In this paper, the authors' goal was to evaluate the impact of PET information on brain tumor surgery in children.

Methods

Between 1995 and 2007, 442 children were referred to the authors' institution for a newly diagnosed brain lesion. Of these, 85 were studied with FDG-PET and/or L-(methyl-11C)-methionine –PET in cases in which MR images were unable to assist in selecting accurate biopsy targets (35 patients) or to delineate tumors for maximal resection (50 patients). In surgical cases, PET and MR images were combined in image fusion planning for stereotactic biopsies or navigation-based resections. The preoperative planning images were compared postoperatively with MR imaging and PET findings and histological data for evaluating the clinical impact on the diagnostic yield and tumor resection.

Results

The PET data influenced surgical decisions or procedures in all cases.

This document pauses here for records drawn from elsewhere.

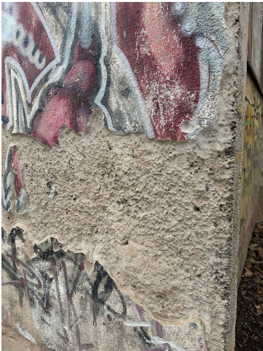
2025-01-14 Objekt- Schulstandort 49. GSSH, Bernhardstraße 80. 015Foto. Ansicht Nord-Ost: Bestandsputz mit Sokelbereich komplett entfernen (Minderfestigkeiten), Sokelbereich, Fremdbauteile entfernen und Ausgleichsputz als Klebefläche auftragen. WDVS auf tragfähigen Untergrund kleben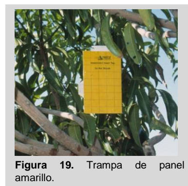
Figura 19. Trampa de panel amarillo.

La trampa de panel amarillo (YP) consiste en una lámina rectangular de color amarillo (23 cm x 14 cm) recubierta de plástico (Figura 19). El rectángulo está cubierto por ambos lados con una capa delgada de material pegajoso. La trampa Rebell es una trampa tridimensional de tipo YP con dos láminas rectangulares de color amarillo cruzadas (15 cm x 20 cm) elaboradas de plástico (polipropileno), por lo cual es extremadamente durable (Figura 20). La trampa también está cubierta con una capa delgada de material pegajoso en ambos lados de ambas láminas. Un gancho de alambre, colocado en la parte superior del cuerpo de la trampa, se utiliza para colgarla de las ramas de los árboles.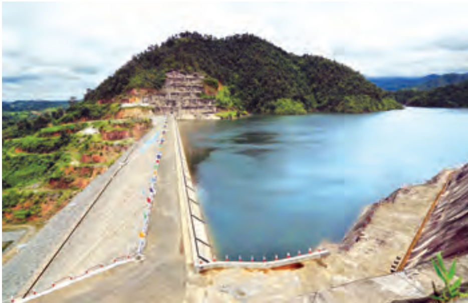
လျှပ်စစ်ဓာတ်အားထုတ်လုပ်ရာတွင် ရေအားလျှပ်စစ်မှအဓိကရယူလျက်ရှိရာ ပဲခူးတိုင်းဒေသကြီး ဖြူးမြို့နယ်ရှိ ဖြူးချောင်းရေလှောင်တံခံကို တွေ့ရစဉ်။

ဓာတ်အားပေးရေးကော်ပိုရေးရှင်းများကို ၂၀၁၅ ခုနှစ် ဧပြီလ ၁ ရက်နေ့မှစ၍ ဖွဲ့စည်းဆောင်ရွက်သွားနိုင်ခဲ့ပြီဖြစ်ပါသည်။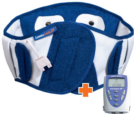
LUMBOTECH XP MET EMS/TENS-FUNCTIE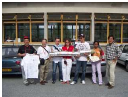
La fusée, sous toutes ses formes, est un vecteur privilégié pour développer les liens entre La Réunion et Gifu.

Fusées à eau et clubs spatiaux, fusées expérimentales et quasi-satellites pour des opérations conjointes entre jeunes de nos deux régions, les activités éducatives spatiales sont au cœur des rencontres entre La Réunion et Gifu.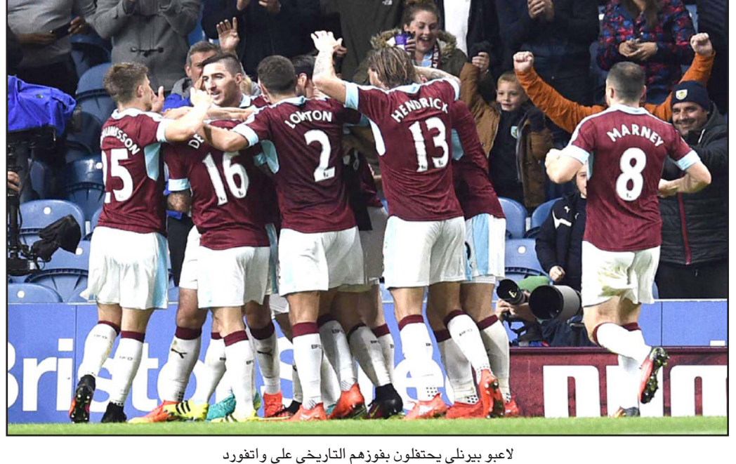
لاعبو بيرنلي يحتفلون بفوزهم التاريخي على انغفورد

اللاعبين يخضون عند اتخاذ قرار باستبدالهم، والأن يجب أن يصب تركيزنا على مباراة «العدو» وأضاف: «أخذت القرار الصحيح الذي يصب في مصلحة اللاعب، علينا أن نتعامل مع ذلك، وأنا لست سخيًا وهو ذلك وكاننا لدينا الأهداف ذاتها».. وحول مواجهة ريال مدريد أمام مضيعة الألماني بوروسيا دورتموند، في الجولة الثانية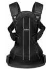
BABYBJÖRN Mochila Porta Bebé WE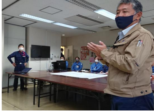
訓練についての説明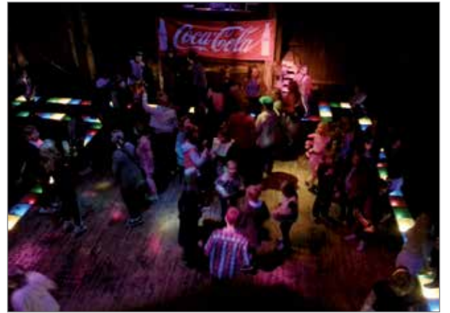
Jyrkkäkoscin diskossa valot välkyivät ja musiikki soi lapsille, jotka juhlistivat näin kesäloman alkamista.

Diskoiltana oli myös kioski auki ja kauppa kävi kiivaana. Karkit, limsat ja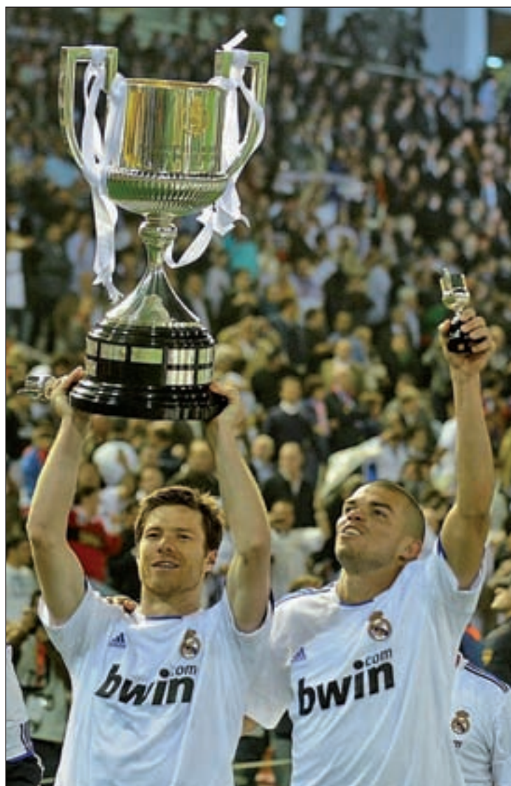
Los aficionados blancos se preparan para otro desplazamiento

Está previsto que la expedición blanca parta el miércoles, a las 9 horas, desde el recinto ferial del barrio de Vicálvaro y, aunque Lora duda de que pueda viajar con el grueso de los aficionados, la emoción del hincha se combina con la responsabilidad que conlleva la organización de este viaje: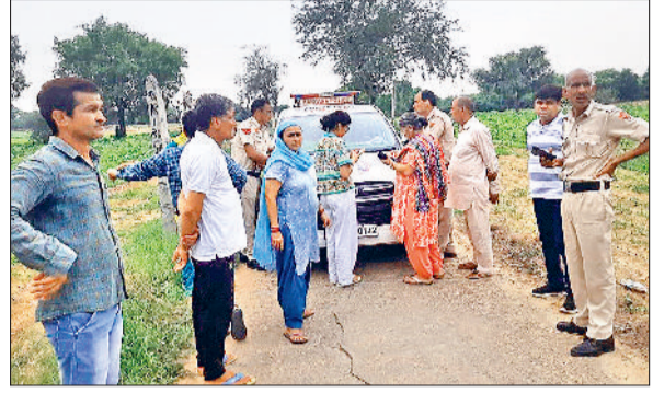
लोहारू। दागी टोडा में स्कूल बस की टक्कर से मासूम घायल होने के बाद मौके पर पहुंची डायल 112 की टीम पूछताछ करते हुए।

The use of PET helped to better differentiate indolent from active components in complex lesions (in 12 patients); improved target selection and diagnostic yield of stereotactic biopsies without increasing the sampling; provided additional prognostic information; reduced the amount of tissue needed for biopsy sampling in brainstem lesions (in 20 cases); better delineated lesions that were poorly delineated on MR imaging and that infiltrated functional cortex (in 50 cases); significantly increased the amount of tumor tissue removed in cases in which total resection influenced survival (in 20 cases); guided resection in hypermetabolic areas (in 15 cases); improved early postoperative detection of residual tumor (in 20 cases); avoided unnecessary reoperation (in 5 cases); and supported the decision to undertake early second-look resection (in 8 cases).

Conclusions

The authors found that PET has a significant impact on the surgical decisions and procedures for managing pediatric brain tumors. Further studies may demonstrate whether PET improves outcomes in children.